TASK OBJECTIVE – Without any pictures, retype exactly the lines from the one with "リブ編みのすっきり感と、柔ら" through the final line of the records.

(Collection entries)

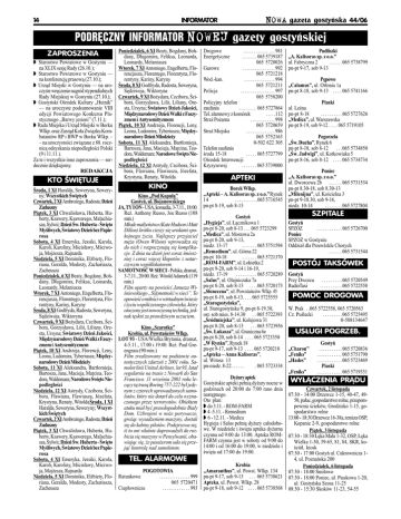 14 INFORMATOR NOWA gazeta gostyñska 44/06 PODRÊCZNY INFORMATOR NOWEJ gazety gostyñskiej ZAPROSZENIA w Starostwo Powiatowe w Gostyniu na XLIX sesjê Rady (26.10.); w Starostwo Powiatowe w Gostyniu na konferencjê prasow¹ (27.10.); w Urz¹d Miejski w Gostyniu na uroczyste wrêczenie nagród stypendialnych Rady Miejskiej w Gostyniu (27.10.); w Gostyñski Orodek Kultury Hutnik na uroczyste podsumowanie VIII edycji Powiatowego Konkursu Plastycznego Barwy jesieni (7.11.); w Rada Miejska i Urz¹d Miejski w Borku Wlkp. oraz Zarz¹d Ko³a Zwi¹zku Kombatantów RP i BWP w Borku Wlkp. na uroczystoci zwi¹zane z 88. rocznic¹ odzyskania niepodleg³oci Polski (9 i 11.11.). Za te i wszystkie inne zaproszenia serdecznie dziêkujemy. REDAKCJA KTO WIÊTUJE roda, 1 XI Haralda, Seweryna, Seweryny; Wszystkich wiêtych Czwartek, 2 XI Ambro¿ego, Radosta; Dzieñ Zaduszny Pi¹tek, 3 XI Chwalis³awa, Huberta, Huberty, Ksawery, Ksawerego, Malachiasza, Sylwii; Dzieñ w. Huberta - wiêto Myliwych, wiatowy Dzieñ bez Papierosa Sobota, 4 XI Emeryka, Jessiki, Karola, Karoli, Karoliny, Mcis³awy, Mciwoja, Moj¿esza, Rajnarda Niedziela, 5 XI Dominika, El¿biety, Floriana, Geralda, Modesty, Zachariasza, Zacheusza Poniedzia³ek, 6 XI Beaty, Bogdany, Bohdany, D³ugomira, Feliksa, Leonarda, Leonardy, Melaniusza Wtorek, 7 XI Antoniego, Engelberta, Florencjusza, Florentego, Florentyna, Florentyny, Kariny, Karyny roda, 8 XI Godfryda, Radosta, Seweryna, Sêdziwoja, Wiktoryna Czwartek, 9 XI Bo¿ydara, Czcibora, cibora, Gorzys³awa, Lilii, Liliany, Oresta, Ursyna; wiatowy Dzieñ Jakoci, Miêdzynarodowy Dzieñ Walki z Faszyzmem i Antysemityzmem Pi¹tek, 10 XI Andrzeja, Florencji, Leny, Leona, Ludomira, Tyberiusza; Miêdzynarodowy Dzieñ M³odzie¿y Sobota, 11 XI Aleksandra, Bart³omieja, Bartosza, Jana, Macieja, Marcina, Teodora, Waldemara; Narodowe wiêto Niepodleg³oci Niedziela, 12 XI Astrydy, Czcibora, cibora, Flawiana, Flawiusza, Józefata, Krystyna, Renaty, Witoldaroda, 1 XI Haralda, Seweryna, Seweryny; Wszystkich wiêtych Czwartek, 2 XI Ambro¿ego, Radosta; Dzieñ Zaduszny Pi¹tek, 3 XI Chwalis³awa, Huberta, Huberty, Ksawery, Ksawerego, Malachiasza, Sylwii; Dzieñ w. Huberta - wiêto Myliwych, wiatowy Dzieñ bez Papierosa Sobota, 4 XI Emeryka, Jessiki, Karola, Karoli, Karoliny, Mcis³awy, Mciwoja, Moj¿esza, Rajnarda Niedziela, 5 XI Dominika, El¿biety, Floriana, Geralda, Modesty, Zachariasza, Zacheusza Poniedzia³ek, 6 XI Beaty, Bogdany, Bohdany, D³ugomira, Feliksa, Leonarda, Leonardy, Melaniusza Wtorek, 7 XI Antoniego, Engelberta, Florencjusza, Florentego, Florentyna, Florentyny, Kariny, Karyny roda, 8 XI Godfryda, Radosta, Seweryna, Sêdziwoja, Wiktoryna Czwartek, 9 XI Bo¿ydara, Czcibora, cibora, Gorzys³awa, Lilii, Liliany, Oresta, Ursyna; wiatowy Dzieñ Jakoci, Miêdzynarodowy Dzieñ Walki z Faszyzmem i Antysemityzmem Pi¹tek, 10 XI Andrzeja, Florencji, Leny, Leona, Ludomira, Tyberiusza; Miêdzynarodowy Dzieñ M³odzie¿y Sobota, 11 XI Aleksandra, Bart³omieja, Bartosza, Jana, Macieja, Marcina, Teodora, Waldemara; Narodowe wiêto Niepodleg³oci Niedziela, 12 XI Astrydy, Czcibora, cibora, Flawiana, Flawiusza, Józefata, Krystyna, Renaty, Witolda Drogowe Energetyczne Gazowe Wod.-kan. Policja . . . . . . . . . . . . . . . 981 . . . . . . . 065 5739187 065 5720026 . . . . . . . . . . . . . . . . 992 065 5721218 . . . . . . . . . . . . . . . 994 065 5721211 . . . . . . . . . . . . . . . . . 997 065 5758200 Policyjny telefon zaufania . . . . . . . . 065 5727864 Tel. alarmowy z komórek . . . . .112 Stra¿ Po¿arna . . . . . . . . . . . . 998 065 5720659 Stra¿ Miejska . . . . . . . . . . . . . . 986 065 5752163 0-502 622 305 Telefon zaufania roda 15-18 . . . . . 065 5727799 Orodek Interwencji Kryzysowej . . . . . . . 065 5739000 Pudliszki A. Kalisoras sp. z o.o. ul. Fabryczna 2 . . . . . . 065 5738799 pn-pt 9-17, sob 9-13 Pêpowo Calamus, ul. Or³onia 1a pn-pt 8-18, sob 9-13 . . . . 065 5741166 Piaski ul. Lena pn-pt 8-18 . . . . . . . . . . 065 5727626 Medica, ul. Warszawska pn-pt 8-19, sob 9-12 . . . . 065 5719105 Pogorzela w. Ducha, Rynek 6 pn-pt 8-18, sob 8-12 . . .065 5734850 w. Jadwigi, ul. Kotkowiaka 5 pn-pt 8-16, sob 8-12 . . . . 065 5734734 Poniec A. Kalisoras sp. z o.o. ul. Dworcowa 2b . . . . . . 065 5731534 KINO pn-pt 8.30-18, sob 8.30-13 Borek Wlkp. Apteki A. Kalisoras sp. z o.o.Rynek Milenijna, ul. Kocielna 3 Kino Pod Kopu³¹ 14 . . . . . . . . . . .065 5716545 pn-pt 9-18.30, sob 9-16, Gostyñ, ul. Bojanowskiego niedz. 10-14 . . . . . . . . 065 5727804 JA, TY I ON - USA, komedia, 3-7.11., 18:00. pn-pt 8-19, sob 8-13 Re¿. Anthony Russo, Joe Russo (108 SZPITALE Gostyñ min.) Gostyñ M³ode ma³¿eñstwo (Kate Hudson i Matt Hygieja, ul. £¹cznikowa 1 SPZOZ . . . . . . . . . . . . 065 5726700 Dillon) krótko cieszy siê urokami spo- pn-pt 8-20, sob 8-13 . . . 065 5723299 Poniec kojnego ¿ycia. Najlepszy przyjaciel Medica, ul. Mostowa 2a SPZOZ w Gostyniu mê¿a (Owen Wilson) wprowadza siê pn-pt 8-20, sob 9-13, . . . . . . . 065 5751594 Oddzia³ dla Przewlekle Chorych do nich i rozpoczynaj¹ siê komplika- niedz. 13-17 . . . . . . 065 5731544 cje. Z dnia na dzieñ jest coraz miesz- Remedium, ul. Górna 22 . . . . . . . 065 5721370 niej i coraz wiêcej k³opotów z natar- pn-pt 10-18 ROM-FARM, ul. £okietka 2 POSTÓJ TAKSÓWEK czywym wspó³lokatorem. SAMOTNOÆ W SIECI - Polska, dramat, pn-pt 9-20, sob 9-14 i 16-19, 3-7.11., 20:00. Re¿. Witold Adamek (119 niedz. 17-19 . . . . . . . . . . 065 5720289 Gostyñ Przy Dworcu . . . . . . . . . .065 5720549 Salus, ul. Olejniczaka 7a min.) . . . . . . . . . . .065 5722558 Film oparty na powieci Janusza Wi- pn-pt 8-20, sob 8-13 . . . .065 5720173 RadioTaxi niewskiego S@motnoæ w sieci. To S³oneczna, ul. Powstañców Wlkp. 45 POMOC DROGOWA opowieæ o mi³oci w wirtualnym wiecie pn-pt 8-19, sob 8-13. . . . 065 5725555 Starogostyñska, i ¿yciu wspó³czesnego cz³owieka, który W. Ptak . .065 5722558, 065 5720563 otoczony jest nowoczesn¹ technik¹, jed- ul. Starogos
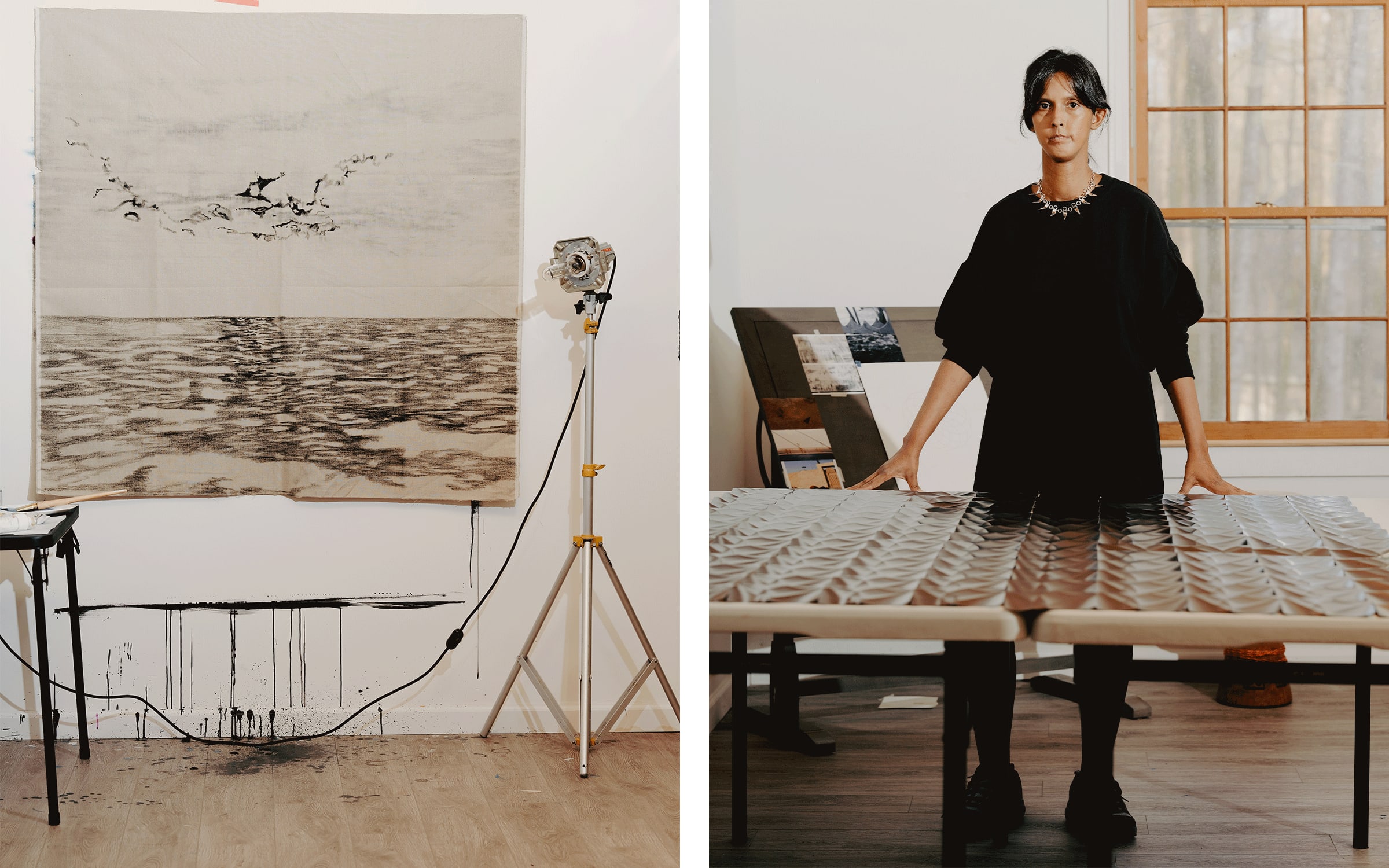 대규모로 조립할 때, Sultana는 보이지 않는 손의 개념에 동의하지 않을 수 있다. 그녀는 흑연으로 작업할 때 필연적으로 나타나는 엄지와 손가락 자국을 지적한다. 릴번 스튜디오에서는 작품을 스크린으로 볼 때도, 심지어 갤러리 환경에서도 일어나지 않는 기이한 현상이 일어난다. 최근 폭풍의 회청색 빛이 스튜디오 창을 통해 들어오고 단단하고 금속성에서 섬세하고 빛나는 모양으로 변화하는 방식으로 흑연을 비춘다. 빛이 재료와 상호 작용하는 그 순간은 모순에 대한 Sultana의 탐구를 강조한다. 부드러운 것은 단단해지고, 가벼운 것은 무거워져서 다시 돌아온다.
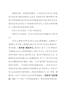席今天会议的有:市XX办机关党总支专职副书记XXX同志。市XX办党组对开好这次民主生活会高度重视,会前制订了周密的工作方案,认真做好会前工作,召开民主生活会准备充分、条件成熟。一是开展了理论学习。组织深入学习了习近平新时代中国特色社会主义思想和党的十九届六中全会、习近平总书记在庆祝中国共产党成立
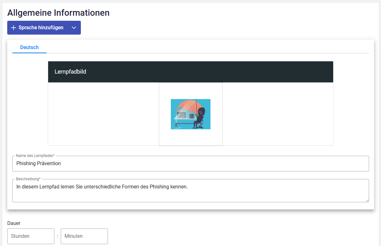 Ein Bild laden Sie entweder über Ihren Rechner oder den systemeigenen Datei-Manager hoch. Auch die Dauer des Lernpfades können Sie hier eintragen.
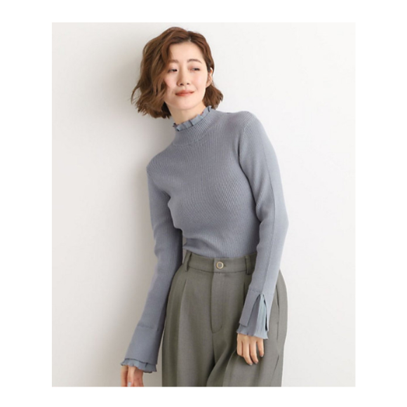 リブ編みのすっきり感と、柔らかく揺れるプリーツのコントラストが大人可愛い印象を引き立てます。
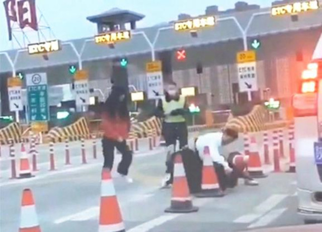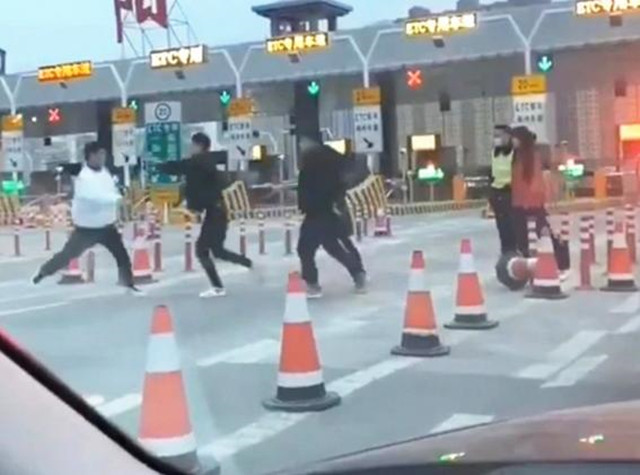 12月16日,陕西咸阳。在高速路收费站口,一白衣男子和两名黑衣男子发生殴打,白衣男子10秒KO黑衣两人。
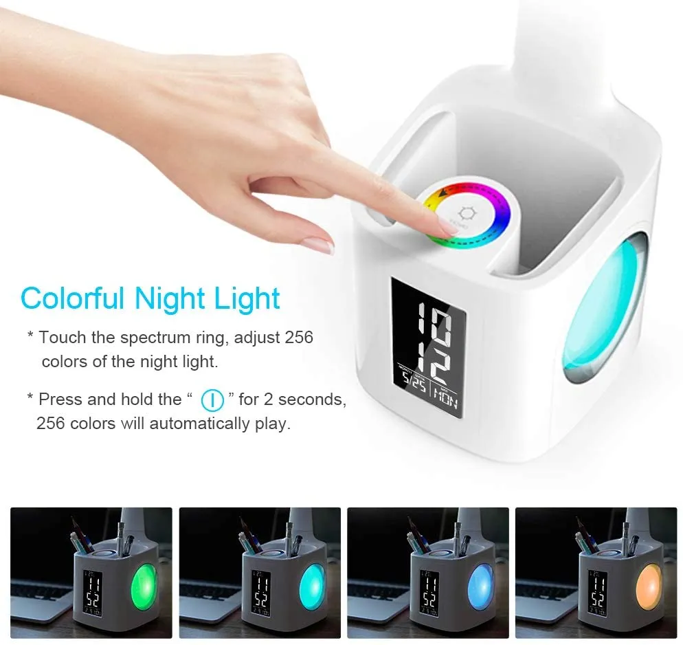 2. Multifunction: 7 in 1, desk lamp with USB charging port, 256 color-changing base, pen holder, clock, calendar and LCD screen to meet all
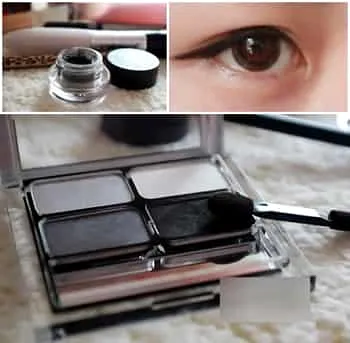 选择眼线膏画粗眼线,画到眼尾处时可适当平拉。在双眼皮的尾部刷上黑色眼影。
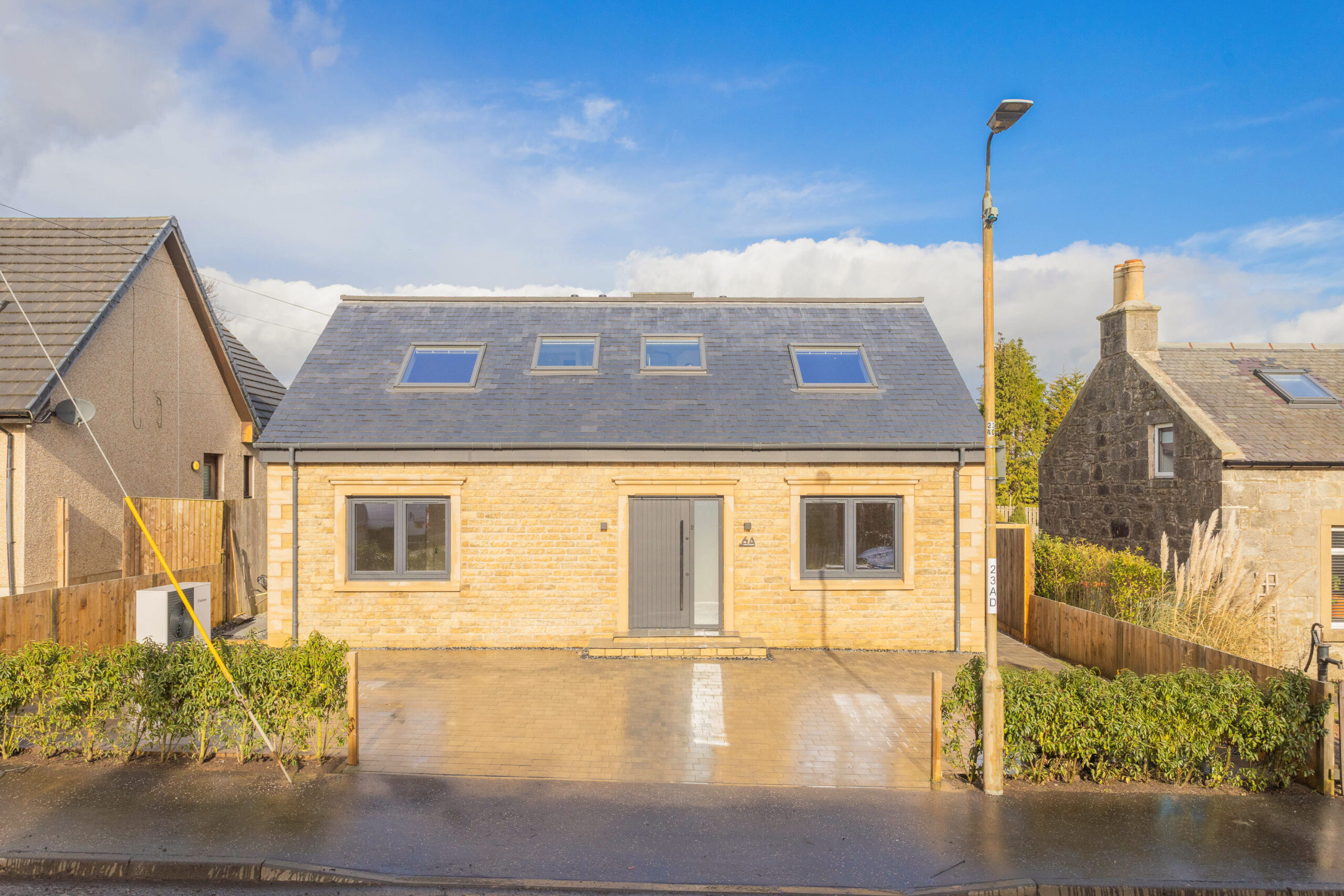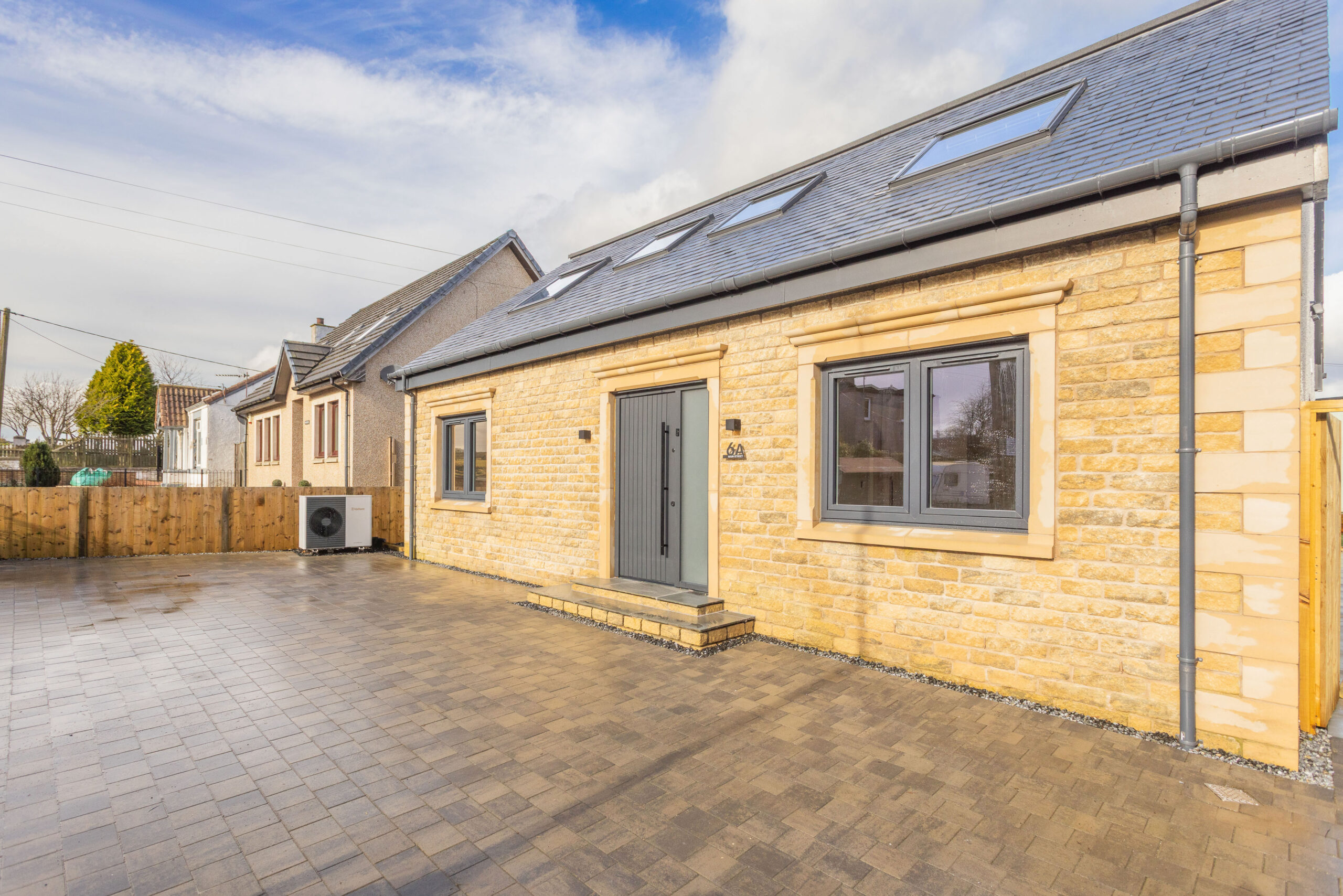 From the moment you arrive, the striking sandstone façade and contemporary lines immediately set the tone. The symmetry of the front elevation, framed by modern dark window surrounds and rooflights above, gives a bold yet elegant first impression. The generous monoblock driveway offers ample parking, while the carefully chosen materials create a home that feels both substantial and refined.

RESULT –
 リブ編みのすっきり感と、柔らかく揺れるプリーツのコントラストが大人可愛い印象を引き立てます。
 12月16日,陕西咸阳。在高速路收费站口,一白衣男子和两名黑衣男子发生殴打,白衣男子10秒KO黑衣两人。
 2. Multifunction: 7 in 1, desk lamp with USB charging port, 256 color-changing base, pen holder, clock, calendar and LCD screen to meet all
 选择眼线膏画粗眼线,画到眼尾处时可适当平拉。在双眼皮的尾部刷上黑色眼影。
 From the moment you arrive, the striking sandstone façade and contemporary lines immediately set the tone. The symmetry of the front elevation, framed by modern dark window surrounds and rooflights above, gives a bold yet elegant first impression. The generous monoblock driveway offers ample parking, while the carefully chosen materials create a home that feels both substantial and refined.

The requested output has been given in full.